You have to create the working folder for AuCoMe, with the --init argument:

.. code:: sh

    aucome --init=run_ID [-v]

This command will create a folder name "run_ID" inside the working folder. In this "run_ID"
folder, the command will create all the folders used during the analysis.

.. code-block:: text

	run_ID
	├── analysis
		├── group_template.tsv
		├──
	├── annotation_based
		├── PADMETs
			├──
		├── PGDBs
			├──
		├── SBMLs
			├──
	├── config.txt
	├── logs
		├──
	├── networks
		├── PADMETs
			├──
		├── SBMLs
			├──
	├── orthology_based
		├── 0_Orthofinder_WD
			├── OrthoFinder
		├── 1_sbml_orthology
		├── 2_padmet_orthology
		├── 3_padmet_filtered
	├── structural_check
		├── 0_specifics_reactions
		├── 1_blast_results
			├── analysis
			├── tmp
		├── 2_reactions_to_add
		├── 3_PADMETs
	├── studied_organisms
		├──

**analysis** will store the various analysis of the 
`PADMET `__ files which 
are in the networks folder.

**annotation_based** includes three subfolders.

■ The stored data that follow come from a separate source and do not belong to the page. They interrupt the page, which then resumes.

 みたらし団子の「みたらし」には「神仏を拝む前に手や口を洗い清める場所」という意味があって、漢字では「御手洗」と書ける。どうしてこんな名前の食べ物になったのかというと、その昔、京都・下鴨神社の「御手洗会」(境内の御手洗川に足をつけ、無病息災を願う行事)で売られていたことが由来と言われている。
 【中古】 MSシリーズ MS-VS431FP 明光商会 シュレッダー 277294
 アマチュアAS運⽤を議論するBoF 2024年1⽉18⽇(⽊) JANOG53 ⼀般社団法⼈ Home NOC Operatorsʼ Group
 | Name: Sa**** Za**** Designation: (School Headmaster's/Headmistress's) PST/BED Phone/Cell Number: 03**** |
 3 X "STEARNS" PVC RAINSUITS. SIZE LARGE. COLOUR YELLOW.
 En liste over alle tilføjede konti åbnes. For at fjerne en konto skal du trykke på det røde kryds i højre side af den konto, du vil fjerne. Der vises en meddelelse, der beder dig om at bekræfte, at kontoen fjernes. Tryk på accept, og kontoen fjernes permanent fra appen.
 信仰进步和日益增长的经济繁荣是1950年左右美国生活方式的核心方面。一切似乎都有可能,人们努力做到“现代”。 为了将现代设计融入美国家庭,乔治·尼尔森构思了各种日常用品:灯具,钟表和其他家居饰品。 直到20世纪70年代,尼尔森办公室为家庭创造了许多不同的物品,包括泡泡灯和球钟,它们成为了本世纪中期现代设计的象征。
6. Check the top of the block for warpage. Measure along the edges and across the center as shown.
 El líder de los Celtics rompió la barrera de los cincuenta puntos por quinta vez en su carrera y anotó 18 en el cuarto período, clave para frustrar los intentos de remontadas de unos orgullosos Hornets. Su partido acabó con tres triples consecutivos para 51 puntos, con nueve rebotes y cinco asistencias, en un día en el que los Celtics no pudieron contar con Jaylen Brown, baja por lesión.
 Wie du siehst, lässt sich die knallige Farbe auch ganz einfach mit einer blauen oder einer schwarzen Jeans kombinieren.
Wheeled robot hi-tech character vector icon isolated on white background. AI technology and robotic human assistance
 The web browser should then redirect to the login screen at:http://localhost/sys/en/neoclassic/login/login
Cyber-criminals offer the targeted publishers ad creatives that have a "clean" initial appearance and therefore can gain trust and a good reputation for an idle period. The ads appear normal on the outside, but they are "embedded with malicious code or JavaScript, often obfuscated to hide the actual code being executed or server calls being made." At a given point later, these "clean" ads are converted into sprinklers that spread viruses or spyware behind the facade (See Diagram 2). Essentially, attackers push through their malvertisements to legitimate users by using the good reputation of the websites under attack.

The PGDBs folder will contain all the results 
from `Pathway Tools `__ (in DAT format). These results
will also be stored in `PADMET `__ 
and `SBML `__ files inside PADMETs and SBMLs.

**config.txt** contains numerous paths used by the script: paths to programs, directories and 
databases. It also inclues the `Pathway Tools `__ 
and `MetaCyc `__  versions. 

**networks** will contain one metabolic network per studied organism, created thanks to AuCoMe,
in `PADMET `__ and 
`SBML `__ formats that are stored into two
directories (PADMETs and SBMLs). It also includes the panmetabolism of all the studied 
organisms in `PADMET `__
and `SBML `__ format. 

**orthology_based** contains four subfolders. Firstly the 0_Orthofinder_WD directory folder 
will include all the run of `Orthofinder `__. 
Secondly, the 1_sbml_orthology folder will contain one subdirectory per studied organims, and 
each subfolders include `SBML `__  files with the
orthogroups of other species that `OrthoFinder `__ 
found. Thirdly, the 2_padmet_orthology directory will contain the 
`PADMET `__ files created 
with the orthology step. Fourthly, the 3_padmet_filtered folder will contain 
`PADMET `__ files created
thanks to the orthology step, but in this subfolder only the robust reactions are kept in 
these `PADMET `__ files.  

**structral_check** relies on the search on the genomes for missing Gene-Proteins-Reactions 
associations. All the metabolic networks previously created are be pairwise compared. If one 
metabolic network has a Gene-Protein-Reaction association that another one has not, a genomic 
search will be performed between both genomes corresponding with the both metabolic networks.
Gene-Protein-Reaction associated with the first metabolic network will be used to search for 
match with the genome sequence corresponding with of the second metabolic network.
It contains four subdirectories. Firstly 0_specifics_reactions folder will include numerous 
TSV files with lists of Gene-Protein-Reaction associations that are present in a metabolic 
network and that are absent in another metabolic network. Secondly, the 1_blast_results 
directory will contain the search results between genomes of studied organisms and selected 
genes in the previous TSV files. Here orther TSV files will also be created with another format. These TSV 
files will include the results of genomic search programs. 
`BlastP `__, `TblastN `__, 
and `Exonerate `__ are 
used as genomic search programs. Thirdly the 2_reactions_to_add folder will contain a PADMET 
form with the reactions to add for each studied organisms. Fourthly, the 3_PADMETs will include
the `PADMET `__ files 
created with the structural step.

**studied_organisms**: you put all the species that you want to study in this folder. For each 
species, you create a folder and in this folder you put the 
`GenBank `__ file of this species. Each
files and folders must have the same name. Then, the 
`GenBank `__ file must end with a 
'.gbk'.

.. code-block:: text

	├── studied_organisms
		├── species_1
			├── species_1.gbk
		├── species_2
			├── species_2.gbk
		├── species_3
			├── species_3.gbk

.. warning:: Remember to check the versions of `Pathway Tools `__ and `MetaCyc `__ before running the check command. 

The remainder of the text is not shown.